Tampil Modis Para Pelajar dengan Kalung Choker

Tatto choker yang terbuat dari plastik dikenakan oleh Dwi Andari Asmarani, pelajar kelas XII SMAN 1 Kota Batu. (Foto: Irsya Richa/BatuTIMES)
Tatto choker yang terbuat dari plastik dikenakan oleh Dwi Andari Asmarani, pelajar kelas XII SMAN 1 Kota Batu. (Foto: Irsya Richa/BatuTIMES)

KOTA BATU - Choker, kalung yang menempel ketat di leher masih menjadi tren aksesoris bagi perempuan di 2017 ini. Seperti halnya yang dilakukan Dwi Andari Asmarani, pelajar kelas XII SMAN 1 Kota Batu ini.

Ia mengaku suka dengan kalung choker. Padahal sebelumnya ia tidak pernah suka memakai aksesoris yang melekat di leher.

"Kalung choker itu lucu, pertama kali lihat di drama Korea. Mulai dari situ saya tertarik," ungkap Dwi Andari Asmarani kepada Batu TIMES.

Sejak kalung choker booming di tengah-tengah masyarakat, khususnya di Kota Batu, perempuan yang akrab disapa Rani ini merasa tidak boleh ketinggalan. Apalagi harganya terjangkau untuk kalangan pelajar. Sehingga bisa tampil modis tetapi tidak mahal.

"Dulu itu saya gak suka pakai kalung tapi setelah choker muncul saya tertarik ternyata dipakai terlihat cantik dan kekinian," kata Rani.

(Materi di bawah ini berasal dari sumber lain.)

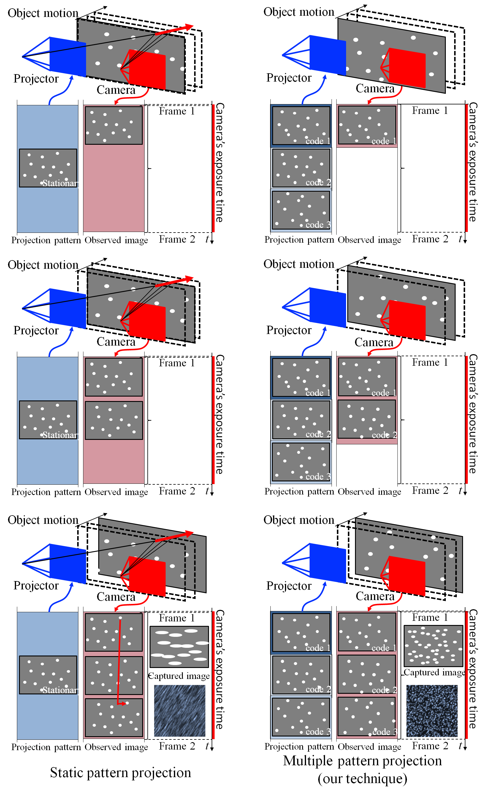1回のカメラでの撮影の間にパターンを複数回切り替えることで,モーション
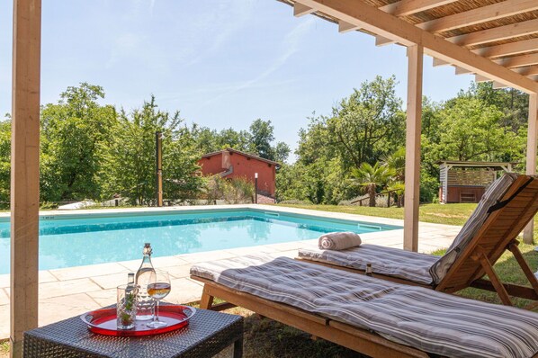 Sí, hay piscina en la propiedad.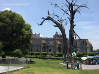 Recorrimos las maravillosas calles de Yuriria hasta llegar al jardín que está cerca del Ex Convento de San Agustín. De inmediato nos maravilló el contraste entre la viveza del pasto y las plantas y los que parecían ser los cadáveres de dos grandes árboles.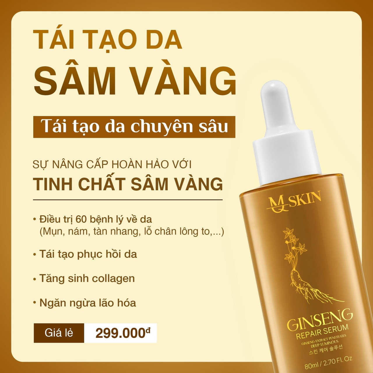 ✨ TÁI TẠO DA NHÂN SÂM VÀNG THẾ HỆ MỚI MQ SKIN cải thiện mọi khuyết điểm của làn da: thâm nám, khô ráp, mụn, da kích ứng,.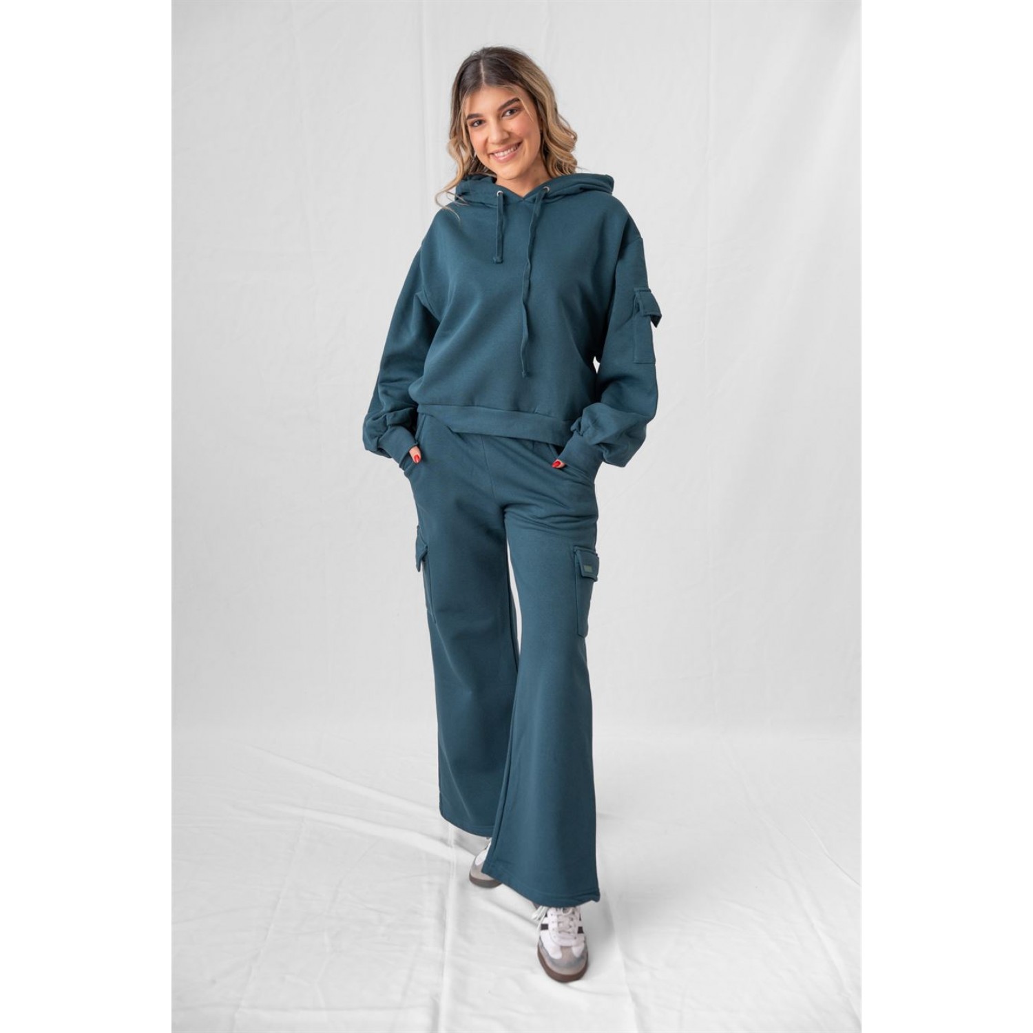 Φούτερ με κουκούλα και παντελόνι με λάστιχο στο πάνω και κάτω μέρος. Διαθέτει πλαινές τσέπες. Το σετ αθλητικής φόρμας, που φέτος αποτελεί κορυφαία τάση στη μόδα, ήταν μέχρι πρόσφατα η τέλεια επιλογή κυρίως για τη γυμναστική και την άνεση στο σπίτι. Πλέον όμως μπορεί να φορεθεί με άπειρους τρόπους και να γίνει το βασικό κομμάτι για sporty chic outfits που θα σε κάνουν να κερδίσεις τις εντυπώσεις, επιλέγοντας μια άνετη και όμορφη εμφάνιση. Πρόκειται για ένα must have item που κάθε fashionista λατρεύει! Η πιο κλασική επιλογή για ντύσιμο με αθλητική φόρμα είναι το φούτερ σετ. Συνδυάζοντας λοιπόν ένα ίδιο hoodie με το αθλητικό του παντελόνι και τα sneakers σου μπορείς να δημιουργήσεις το απόλυτο sporty look. Κι αν ο καιρός απαιτεί πανωφόρι, κανένα πρόβλημα. Μπορείς να επιλέξεις είτε ένα ελαφρύ τύπου αντιανεμικό ή τζιν, είτε κάποιο πιο χοντρό όπως το φλις ή το φουσκωτό. Καθένα τους προσδίδει άλλο στυλ στο ντύσιμο με φόρμα, αλλά είναι εξίσου εντυπωσιακό.

Menurutnya, mengikuti perkembangan fashion bagi perempuan itu sesuatu hal yang wajib. Alasannya supaya tampil kekinian dan tidak ketinggalan jaman.

Seiring dengan perkembangan zaman, model choker banyak berkembang. Mulai dari choker berbahan pita, emas, perak, renda juga plastik. Model choker paling hits pada masa ini adalah tatto choker yang terbuat dari plastik.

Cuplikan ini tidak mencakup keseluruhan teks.